The summer camp is Brebeuf’s flagship offering, giving campers a true outdoor experience that includes swimming, fishing, archery, sleeping under the stars and more.
“The wonderful thing about summer camp is the family component to it, where we will all sit at dinner … and you sit as a family and … a lot of the kids that come to us we don’t know what they’re back history is,” Spatazzo said.
“We don’t know what their home environment is like and to be able to sit down as a ‘normal family’ and break bread and have conversation and laugh, may be foreign to some kids and others it’s just a continuation of what they do at home.
“But to be able to offer that and supply that to the young people … it’s just another component that often gets overlooked, just that gathering and having dinner and having meals and having three square meals.”
For Linwood the magic of Brebeuf comes down to the people.
“When I think about the people who gave up their summers in high school and university for low paying jobs in order to play at being heroes to whatever eight- to 13-year-olds and just do something worth doing instead of working somewhere where they might have been able to make more money or whatever,” he said.

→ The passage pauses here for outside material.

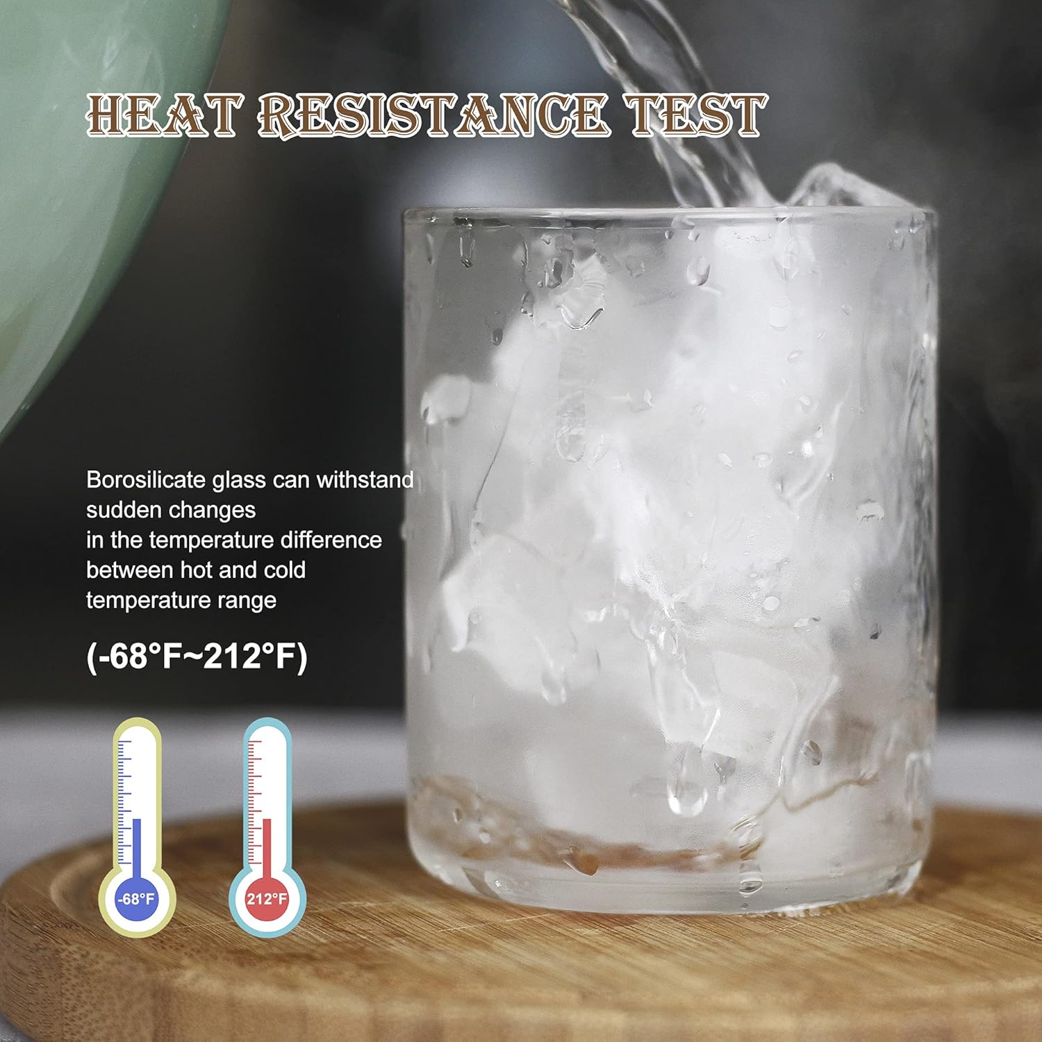 - High Quality - This clear borosilicate drinking glass can withstand sudden changes in the temperature difference between hot and cold temperature range(-68°F~212°F),It has extremely high heat resistance and explosion resistance,and is durable.So it can be safely used in dishwashers,microwaves and refrigerators,more durable to stand the daily use.

“Just the people who gave that to me so that I could then pay it forward to other generations when it was my turn.”
Linwood was a camper in the early 2000s, went on to be a counsellor and now lives on-site full time with his family as the outdoor education coordinator.
“It’s a lifelong mission for me and I feel a huge amount of debt to the people who paved that road to continue to make sure it’s available to other people,” he said.
“I’m one of the very, very lucky ones who has gotten to translate that childhood experience into my full-time career and I realize there’s a very, very limited number of people who are able to do that.”
While the services Brebeuf offers in September will depend on the overall pandemic and education situation, Linwood said those working at the camp will push to offer whatever type of valuable experience they can for students.
“Even if that’s with more limitations, even if that’s with different boundaries and parameters in terms of what we can do and who comes here and everything else,” he said.
“As long as we are here we will continue to push those same values that have been part of our mission for the duration of our existence as an agency.”
This is where the camp is asking for the community’s help.
The camp has kicked off a fundraising campaign entitled “Keep the CYO Whole” to help Brebeuf and other CYO programs stay afloat throughout the pandemic so they can return to offering their programs when it’s safe to do so.
The goal is to raise $1 million. Each season the organization hopes to raise $250,000 to ensure CYO programs can continue post-pandemic.
In addition to Brebeuf, the CYO also offers a day camp called Camp Marydale in Mount Hope, an athletics program and youth ministry.
All of those programs have been cancelled due to COVID-19.